The APAC region is now a center of ESG regulation. While the majority of ESG regulation guidance originates in the US and EU, the gap between these markets and the APAC markets is shrinking fast. Financial hubs are realizing the importance of regulations - and beginning to roll out policies, many of which look West in gauging US and EU markets’ ebbs and flows. Furthermore, the clout and growth of the regional economic and financial markets are converging with the reckonings of environmental degradation and calls for more financial regulations, leading the push of ESG regulations from the sidelines into the spotlight.
To further regional expertise and better understand this rapidly evolving APAC ESG landscape, I spent 2022 interacting with numerous ESG leaders and professionals across the region exploring their approaches to ESG.
A common theme emerged from my conversations, whether at the ESG Evolve conference in Kuala Lumpur or the India ESG Summit in Bangalore. Countries within the region may be at different stages of ‘voluntary’ versus ‘mandated’ disclosures, yet regulators are evidently united over the urgency to craft compulsory, standardized disclosures to help bring clarity to publicly-traded companies and their private partners.

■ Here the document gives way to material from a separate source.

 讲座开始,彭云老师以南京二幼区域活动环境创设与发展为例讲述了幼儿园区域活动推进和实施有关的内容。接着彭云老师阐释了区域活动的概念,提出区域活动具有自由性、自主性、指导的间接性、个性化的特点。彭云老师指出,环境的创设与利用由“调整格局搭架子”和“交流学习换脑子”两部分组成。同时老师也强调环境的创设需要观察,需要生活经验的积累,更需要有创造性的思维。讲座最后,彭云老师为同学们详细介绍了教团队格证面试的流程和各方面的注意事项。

Similar to Singapore, Malaysia’s stock exchange, Bursa, began requiring sustainability disclosures for exchange-listed companies. In Bangalore, discussions focused on how numerous Indian companies were just beginning their ESG metric reporting in response to the country’s above-mentioned mandatory emissions standards. While company size and stage of ESG ‘journey’ varied, the vast majority of stakeholders I spoke with were facing demands for investment-grade ESG data and were seeking advice on how they could build strong and successful ESG programs that not only satisfied regulatory compliance needs, but would also help them improve their ESG performance.

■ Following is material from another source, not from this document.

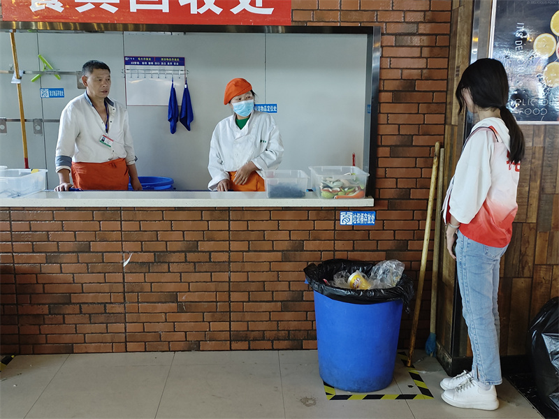 活动伊始,社实部相关负责人员带领志愿者们到餐厅指定位置集合,并为其发放志愿服,随后,按照计划将志愿者分为四组并安排相关工作,志愿者们站在餐厅各个出口处,进行文明督导,营造反对铺张浪费,厉行节约粮食的氛围,社实部工作人员监督志愿者履行职责,提醒志愿者切实负起责任,认真工作。活动最后,全体志愿者与工作人员合照留念,有序解散,本次活动圆满结束。

While national and business leaders all face ESG, each country or corporation will likely differ in how they execute. This brings to mind the frustrated company executive, who operates in multiple countries and with multiple suppliers. They’re going to need both an ability to ingest this data and the ability to consult experts who have honed their craft both within the region and in other similar industries, like environmental, health and safety guidelines.
Given the pace of change, viewing the region’s increased focus on ESG regulations as a wait-and-see game is too risky. While many companies are not taking ownership over their ESG matters, others are running up against the boomerang effect of an immature regulatory system. Japan’s Financial Services Agency has recently implemented stricter regulations on labeling funds as ‘ESG’ in attempts to fend off greenwashing.

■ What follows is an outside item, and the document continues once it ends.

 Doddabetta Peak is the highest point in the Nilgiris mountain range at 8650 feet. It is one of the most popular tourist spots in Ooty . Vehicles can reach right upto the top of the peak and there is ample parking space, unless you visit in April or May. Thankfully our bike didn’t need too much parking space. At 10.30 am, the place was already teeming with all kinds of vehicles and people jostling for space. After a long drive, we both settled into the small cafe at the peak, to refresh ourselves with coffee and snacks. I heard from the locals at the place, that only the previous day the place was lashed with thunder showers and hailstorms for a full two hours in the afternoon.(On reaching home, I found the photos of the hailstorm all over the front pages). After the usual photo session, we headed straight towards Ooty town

The good news is that companies can cut through the noise, and ensure their data is traceable and clean with the right cloud-based software. Additionally, the right ESG software will help with more than fulfilling inevitable compliance regulations. After all, ESG is not simply a box-ticking exercise to appease regulators. Instead, operationalizing ESG will help companies’ grow more efficient, limit risk, and ultimately maximize profit in APAC.
The investment market and asset managers in the region are realizing this inherent value. The region is projected to have the fastest growth in ESG assets under management, valued at just over $3 billion in a few years. Corporations that align their strategies with ESG in mind are producing better financial returns, with evidence of a positive correlation between ESG performance-related spending and enterprise profitability mounting. Especially in this region, the value also lies within ESG’s role in curbing climate risk liabilities, global insurance networks, and the general growth of capital investment regulations. Managers that view the ESG function as simply a regulation exercise will be left frustrated, and missing out on a chance to gain value— financially and with external stakeholders.